[Stored data entries]
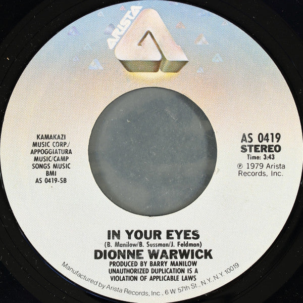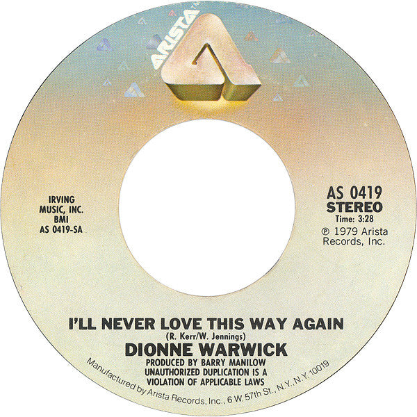 Dionne Warwick - I'll Never Love This Way Again (7", Single, Styrene, Pit)
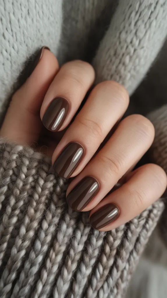 Chocolate brown gloss nails are pure comfort in color form. The deep, warm tone adds richness, while the gel coat gives them that smooth-as-glass shine. Ideal for winter gel nails ideas that feel cozy but still sophisticated. ☕
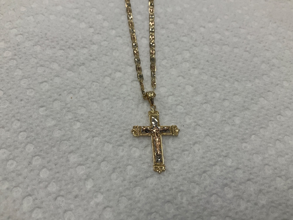 14K Three Tone Valentino 24" Chain W/ Cross Pendant 6.5Gr
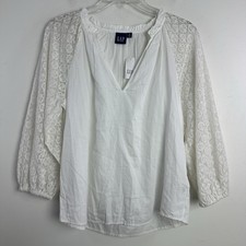 GAP Womens Small Lace V Neck Long Sleeve Top Peasant Boho Sheer NWT | ✔ Check At Store | $12.99 |
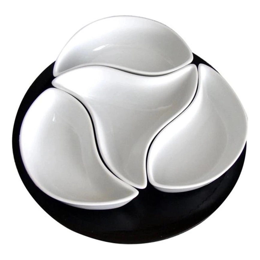 • Stilfuldt sæt keramiske skåle, suppleret med en elegant træbakke.
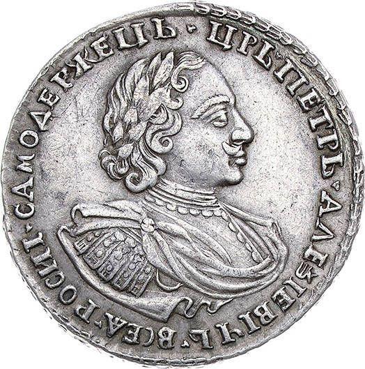 Poltina ҂АΨК (1720) "Portrait in shoulder pads". Without a branch on chest (Russia, Peter I)
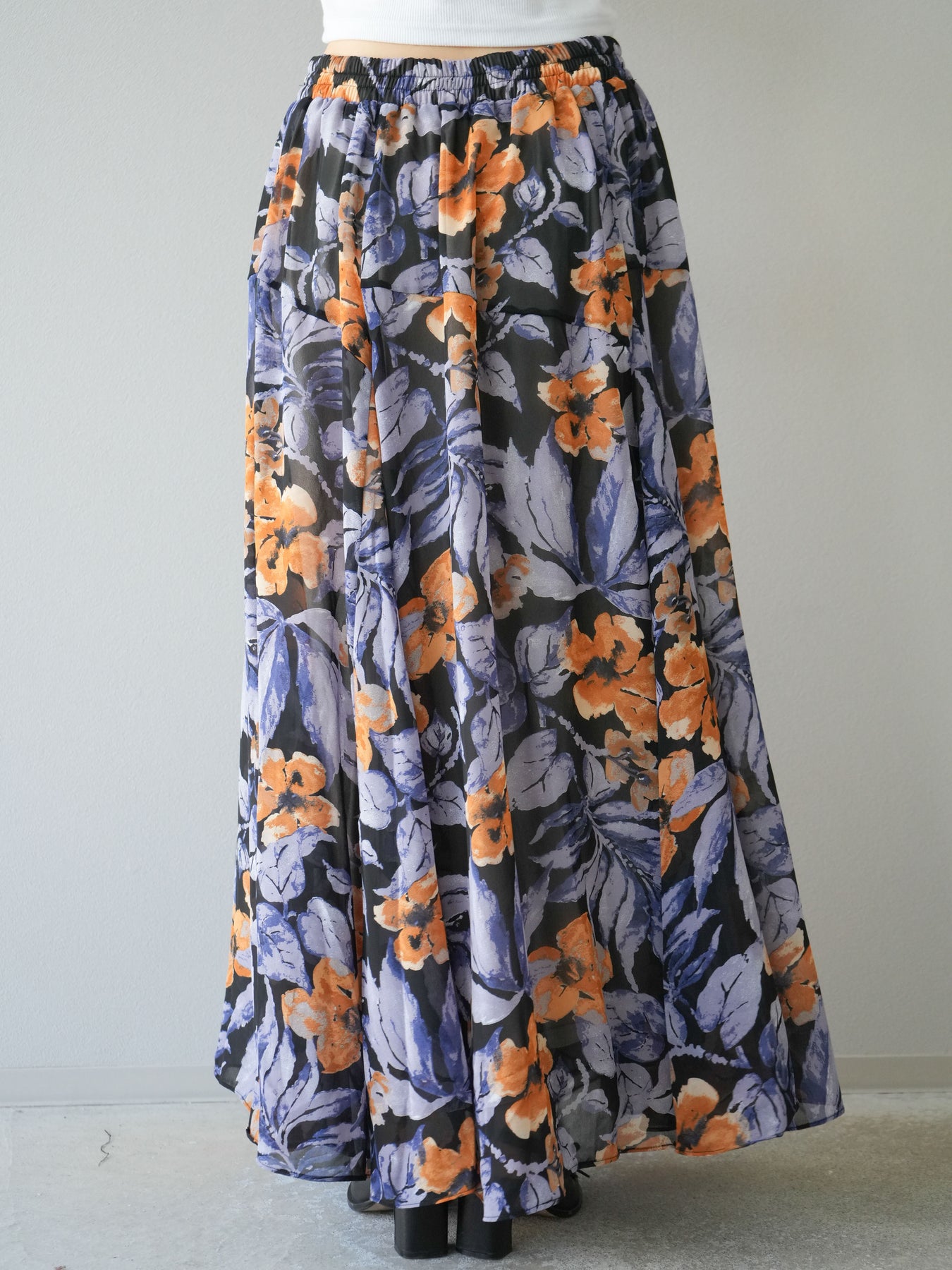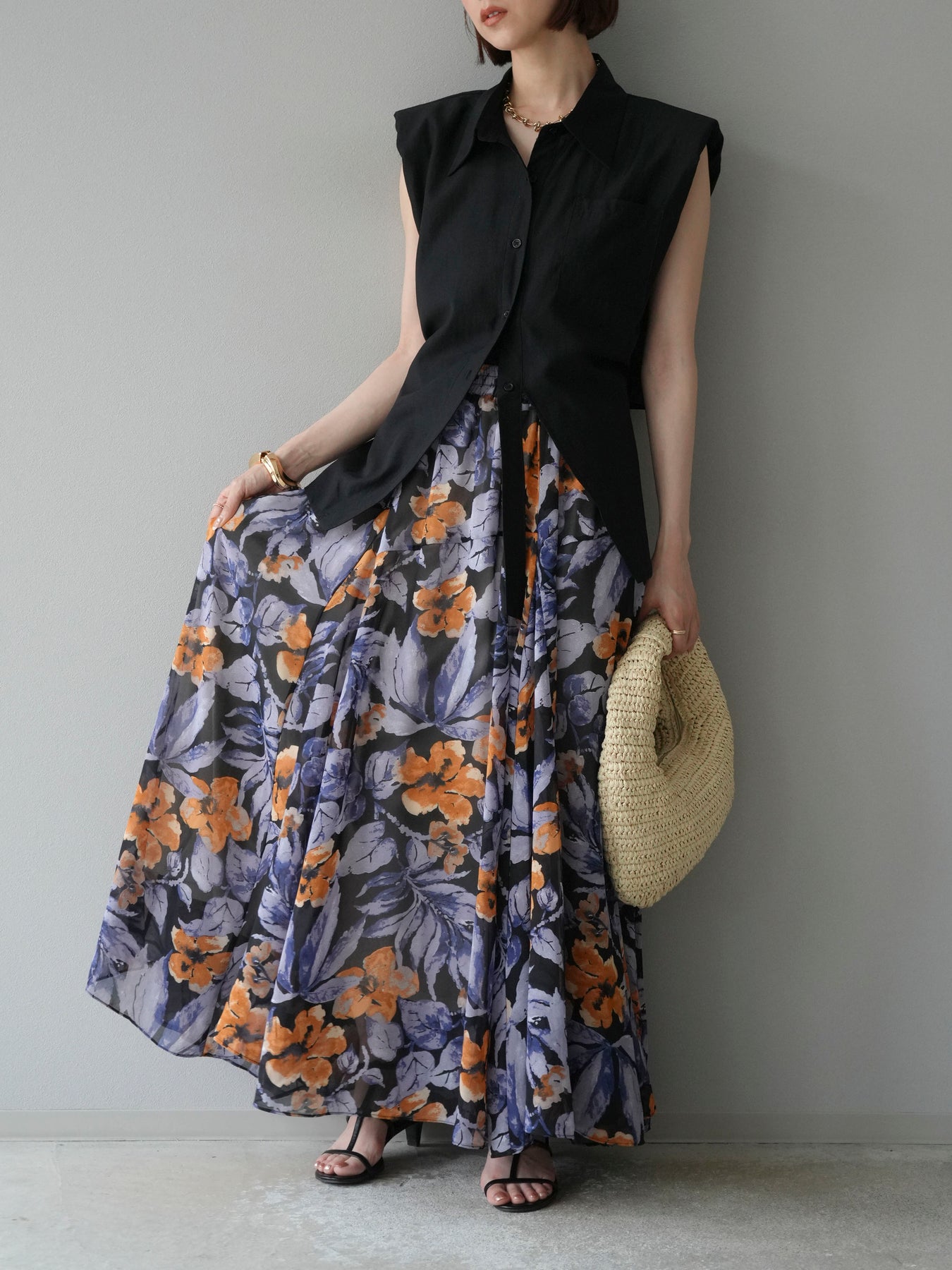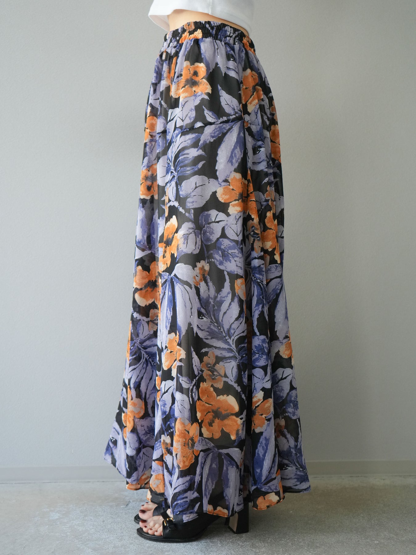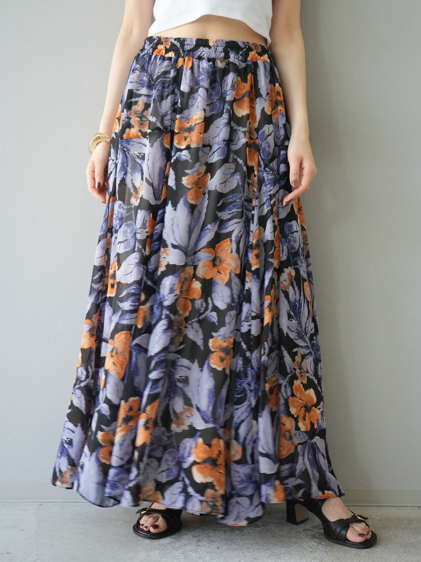 [予約]フラワープリントボリュームフレアスカート/ブラック
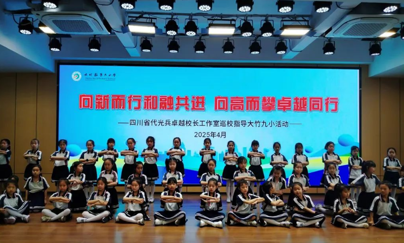4月11日,四川省代光兵卓越校长工作室第三次集中研修巡校指导活动在大竹县第九小学举行。活动以“向新而行和融共进 向高而攀卓越同行”为主题,大竹县教育局党组成员、副局长袁冬冰,达州市诗歌协会主席、巴山文学院院长龚兢业,大竹县教研室书记、主任杨平,工作室成员,竹乡名校领航计划(大竹九小)联合教研组成员,以及相关学校中层干部100余人参加活动。
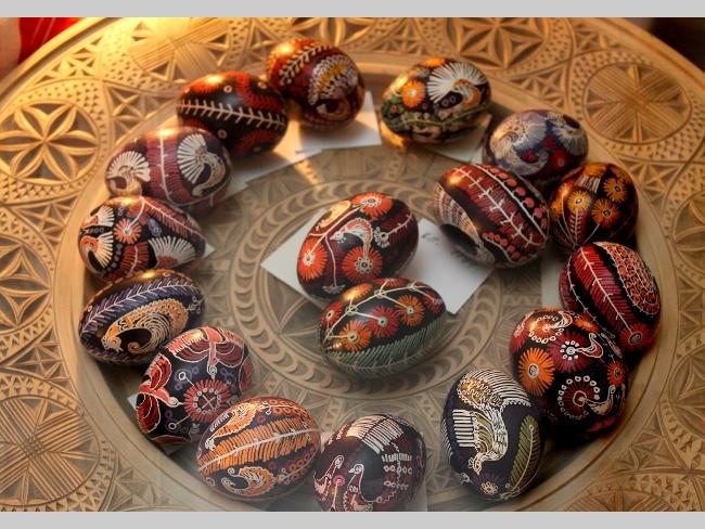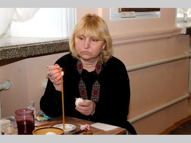 – Яйца такого большого размера мы еще не расписывали. Есть свои сложности. Обычное куриное яйцо мы держим в руках, а это надо вращать на каркасе, и намного труднее наносить краску. Ее мы наносили в четыре слоя. Само яйцо из стекловолокна, краски использовали акриловые, а в завершении работы мы его покроем акриловым лаком, – рассказала Татьяна Стадниченко.
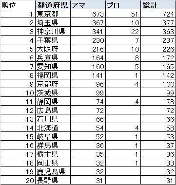 訂正 県別ランキング(JTAランキングシステム登録者数)
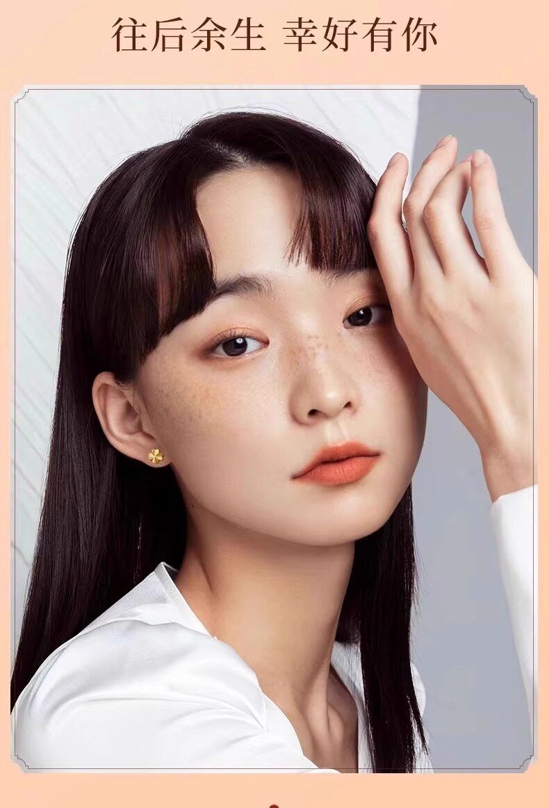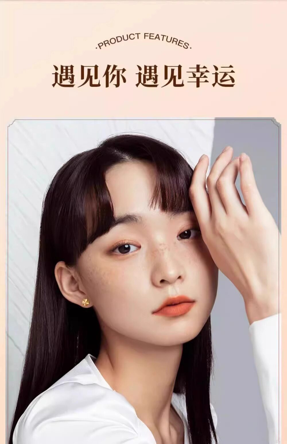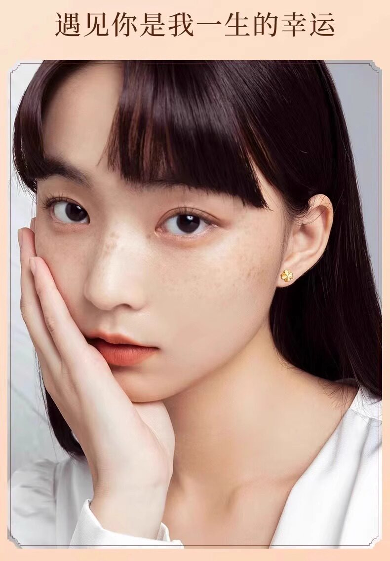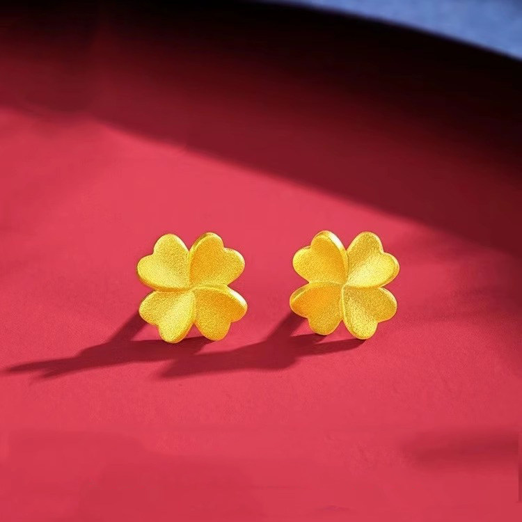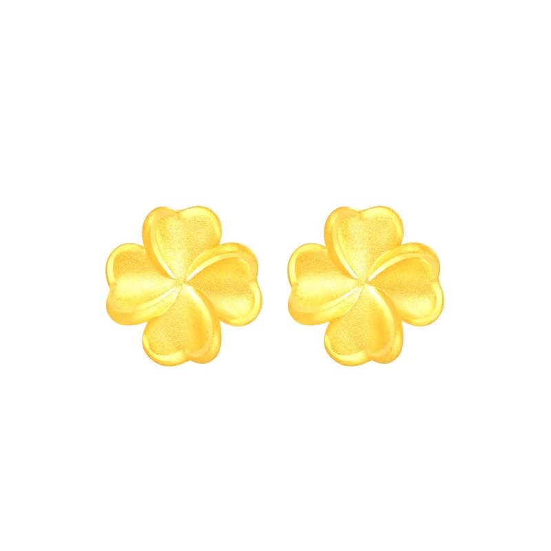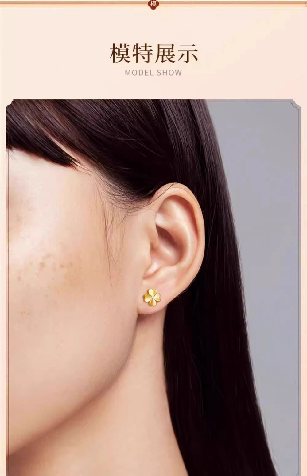 中国金店黄金四叶草幸运草耳钉女耳环999足金包银耳饰送女友礼物
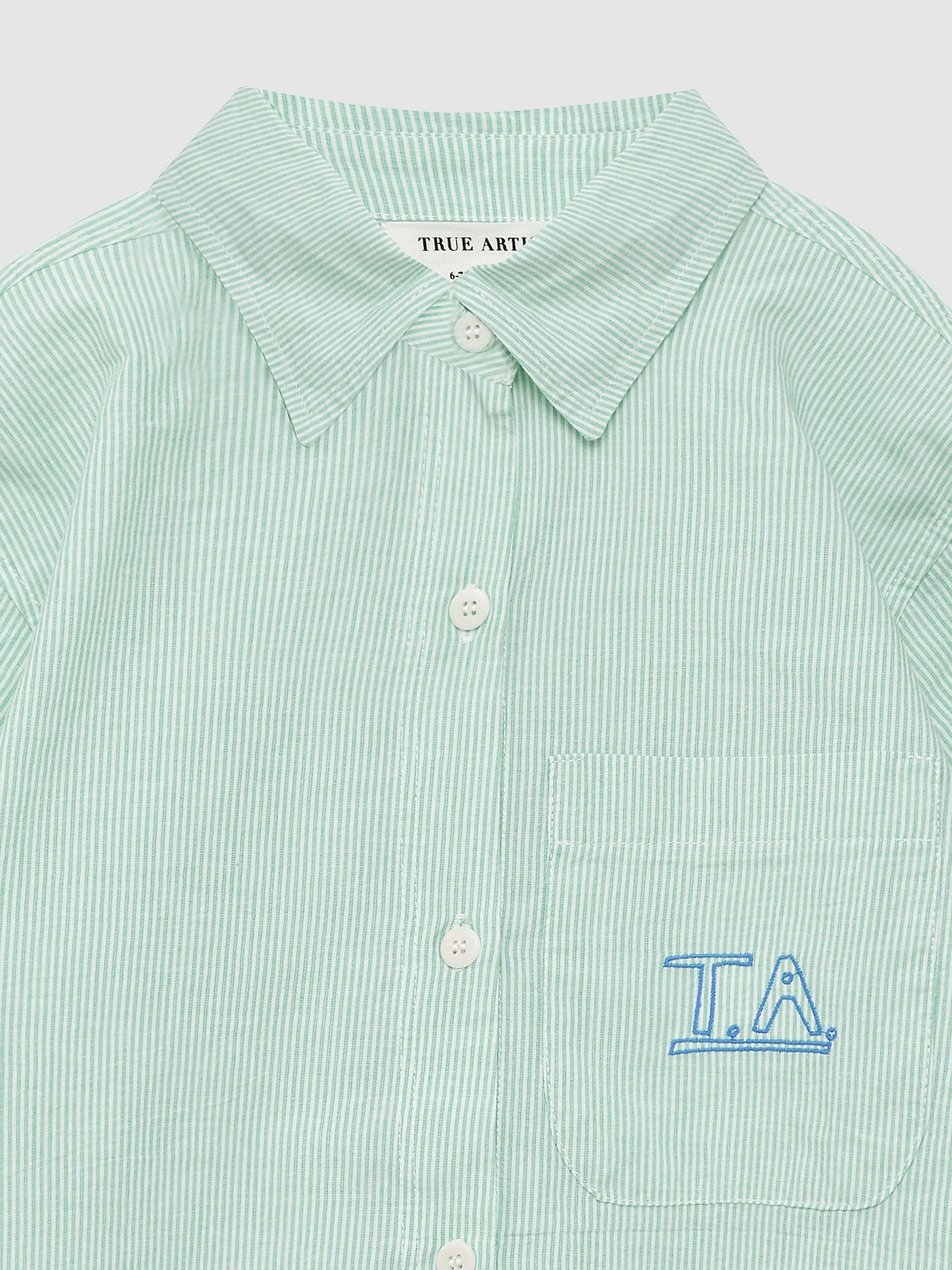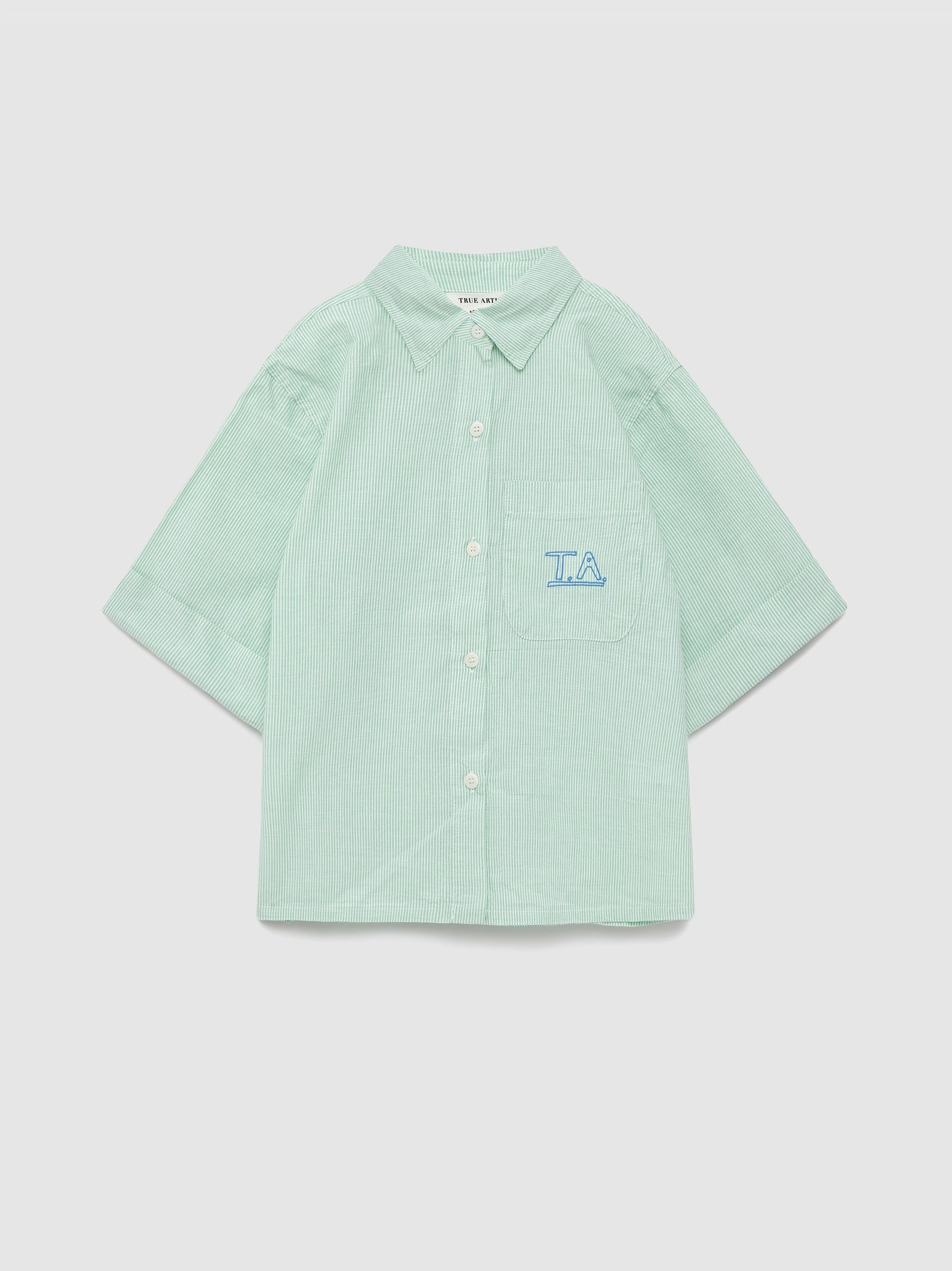 Shirt nº06 in Jade Green is made of 100% yarn dyed cotton fabric. This striped shirt is is designed with a spread collar, short sleeves and front button fastening and has our seasonal TA logo embroidered in contrast color on the chest pocket. It has a relaxed fit. Made in Spain.

Activity:
Please return the lines from the line with "en elegant træbakke." through the last line of the data, both included, exactly, and without pictures.

Task solution:
 • Stilfuldt sæt keramiske skåle, suppleret med en elegant træbakke.
 Poltina ҂АΨК (1720) "Portrait in shoulder pads". Without a branch on chest (Russia, Peter I)
 [予約]フラワープリントボリュームフレアスカート/ブラック
4月11日,四川省代光兵卓越校长工作室第三次集中研修巡校指导活动在大竹县第九小学举行。活动以“向新而行和融共进 向高而攀卓越同行”为主题,大竹县教育局党组成员、副局长袁冬冰,达州市诗歌协会主席、巴山文学院院长龚兢业,大竹县教研室书记、主任杨平,工作室成员,竹乡名校领航计划(大竹九小)联合教研组成员,以及相关学校中层干部100余人参加活动。
 – Яйца такого большого размера мы еще не расписывали. Есть свои сложности. Обычное куриное яйцо мы держим в руках, а это надо вращать на каркасе, и намного труднее наносить краску. Ее мы наносили в четыре слоя. Само яйцо из стекловолокна, краски использовали акриловые, а в завершении работы мы его покроем акриловым лаком, – рассказала Татьяна Стадниченко.
 訂正 県別ランキング(JTAランキングシステム登録者数)
 中国金店黄金四叶草幸运草耳钉女耳环999足金包银耳饰送女友礼物
 Shirt nº06 in Jade Green is made of 100% yarn dyed cotton fabric. This striped shirt is is designed with a spread collar, short sleeves and front button fastening and has our seasonal TA logo embroidered in contrast color on the chest pocket. It has a relaxed fit. Made in Spain.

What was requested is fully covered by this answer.